All our customers were in North American but we let a semi naughty bot from the UK scan us and I will never understand why. It was still sending us malformed URLs we purged from the site years ago. WTF.

komali2 · 2025-07-17T07:36:42 1752737802

I'm confused why scraping is so resource intensive - it hits every URL your site serves? For an individual ecommerce site that's maybe 10,000 hits?

xnorswap · 2025-07-17T08:06:13 1752739573

And the thousands of other bots also hitting those, together is far more than the legitimate traffic for many sites.

TylerE · 2025-07-17T09:00:02 1752742802

Yeah, there were times, even running a fairly busy site, that the bots would outnumber user traffic 10:1 or more, and the bots loved to endlessly troll through things like archive indexs that could be computationally (db) expensive. At one point it got so bad that I got permission to just blackhole all of .cn and .ru, since of course none of those bots even thought of half obeying robots.txt. That literally cut CPU load on the database server by more than half.

hombre_fatal · 2025-07-17T14:48:59 1752763739

In the last month, bot traffic has exploded to 10:1 due to LLM bots on my forum according to Cloudflare.

It would be one thing if it were driving more users to my forum. But human usage hasn't changed much, and the bots drop cache hit rate from 70% to 4% because they go so deep into old forum content.

I'd be curious to see a breakdown of what the bots are doing. On demand searches? General data scraping? I ended up blocking them with CF's Bot Blocker toggle, but I'd allow them if it were doing something beneficial for me.

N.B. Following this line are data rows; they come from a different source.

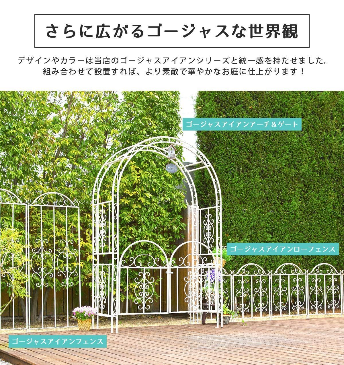 ●商品解説の都合上画像に表示されている演出用品や関連製品等は商品には含まれておりません。●製品改良の目的で外観・仕様が予告なく変更されることがあり、商品画像等と若干差異がある場合がございます。●スチール製品は素材の性質上、錆が発生する場合がございます。●早期の腐食を防止し美しくお使いいただくために、定期的なお手入れ(さび落としやさび止め塗料の塗装等)をおすすめします。●ご不明な点がございましたら、ガーデンガーデンまでお問い合わせください。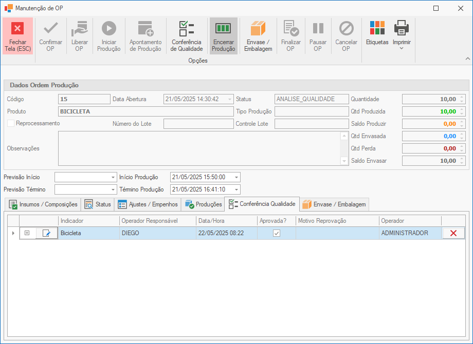 Após a realização do apontamento de produção e a conferência de qualidade aprovada, a OP está pronta para ser encerrada. Esta ação altera o status da OP, impedindo novas alterações.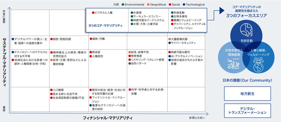 当社では、コーポレート・メッセージ「投資の力で未来をはぐくむ」を掲げ、中長期に亘るお客さまの資産形成と企業の健全な成長、そしてサステナブルで豊かな社会の実現を支えていくことを目指しています。コーポレート・メッセージの制定以来、「未来をはぐくむ」うえで障壁となっているグローバルな社会・環境の重要な課題を特定し、マテリアリティ・マップとして可視化することで、資産運用へ反映させてきました。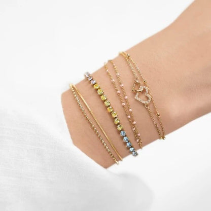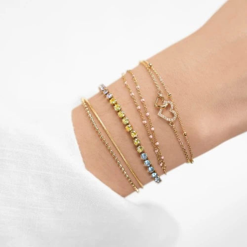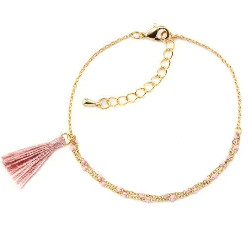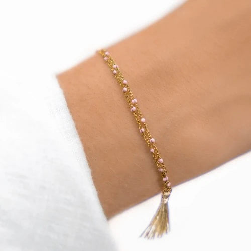 Unser Armband begeistert mit seinem filigranen Design, wodurch er sich als ein Everyday Piece für alle Fälle eignet. Die zarte Kette aus gelbvergoldetem 316L Edelstahl ist kombiniert mit kleinen rosa Perlen und einer rostrosen Puschel, die als eine aufregende Highlight dieses Armband gilt. Das Mix aus Glamour und Verspieltheit macht dieses Armband zu einem Must-Have.

EPendragon · 2025-07-17T13:38:01 1752759481

For me (as I'm sure for plenty other people as well) limiting traffic to actual users matters a lot because I'm using a free tier for hosting in the time being. Bots could quickly exhaust it, and your website could be unavailable for the rest of the current "free billing" cycle, i.e. until your quota gets renewed.

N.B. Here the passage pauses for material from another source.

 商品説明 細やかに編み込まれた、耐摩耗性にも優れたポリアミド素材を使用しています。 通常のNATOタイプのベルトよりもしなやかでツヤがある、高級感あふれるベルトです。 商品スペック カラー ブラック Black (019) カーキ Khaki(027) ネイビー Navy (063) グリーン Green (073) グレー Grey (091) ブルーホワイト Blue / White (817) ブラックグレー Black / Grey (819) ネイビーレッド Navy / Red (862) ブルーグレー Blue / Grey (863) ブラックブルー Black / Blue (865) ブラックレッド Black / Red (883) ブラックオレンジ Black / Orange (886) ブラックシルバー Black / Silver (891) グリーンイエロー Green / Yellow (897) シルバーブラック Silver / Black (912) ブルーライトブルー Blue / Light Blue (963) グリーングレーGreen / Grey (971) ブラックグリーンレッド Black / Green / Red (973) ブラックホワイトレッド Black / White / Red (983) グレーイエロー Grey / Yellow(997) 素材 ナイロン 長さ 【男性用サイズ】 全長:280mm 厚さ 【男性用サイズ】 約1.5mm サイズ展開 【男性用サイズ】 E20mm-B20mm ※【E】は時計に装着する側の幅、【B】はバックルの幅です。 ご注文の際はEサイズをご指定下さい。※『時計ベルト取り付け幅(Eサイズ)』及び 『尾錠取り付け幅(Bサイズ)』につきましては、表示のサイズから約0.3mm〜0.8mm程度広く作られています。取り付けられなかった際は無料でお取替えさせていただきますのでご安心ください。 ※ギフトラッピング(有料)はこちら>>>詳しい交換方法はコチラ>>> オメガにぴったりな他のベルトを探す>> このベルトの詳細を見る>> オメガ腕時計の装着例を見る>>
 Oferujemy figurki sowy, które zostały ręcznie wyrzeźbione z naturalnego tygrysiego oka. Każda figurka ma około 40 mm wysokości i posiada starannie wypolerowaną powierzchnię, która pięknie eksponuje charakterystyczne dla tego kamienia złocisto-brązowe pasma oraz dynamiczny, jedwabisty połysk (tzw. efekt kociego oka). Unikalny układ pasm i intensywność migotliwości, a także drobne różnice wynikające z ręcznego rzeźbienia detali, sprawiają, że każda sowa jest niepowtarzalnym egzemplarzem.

jlokier · 2025-07-17T17:04:54 1752771894

With 1000s of bots per month and 10,000 hits on an ecommerce site, with product images, that's a lot of data transfer, and a lot of compute if your site has badly designed or no caching, rendering all the same page components millions of times over. But...

Part of the problem is all those companies who use AWS "standard practice" services, who assume the cost of bandwidth is just what AWS charges, and compute-per-page is just what it is, and don't even optimise those (e.g. S3/EC2/Lambda instead of CloudFront).

I've just compared AWS egress charge against the best I can trivially get at Hetzner (small cloud VMs for bulk serving https cache).

You get an astonishing 392x(!) more HTTPS egress from Hetzner for the same price, or equivalently 392x cheaper for the same amount.

You can comfortably serve 100+ TB/month that way. With 10,000 pages times 1000 bots per month, that gives you 10MB per page, which is more than almost any eCommerce site uses, when you factor that bots (other than very badly coded bots) won't fetch the common resources (JS etc.) repeatedly for each page, only the unique elements (e.g. HTML and per-product images).

hinkley · 2025-07-17T17:24:53 1752773093

You’ve forgotten the combinatorics of query params.

10,000 is Monday. Morning.

paulddraper · 2025-07-17T14:51:50 1752763910

Yes. That’s a lot of bandwidth, depending on the content of course.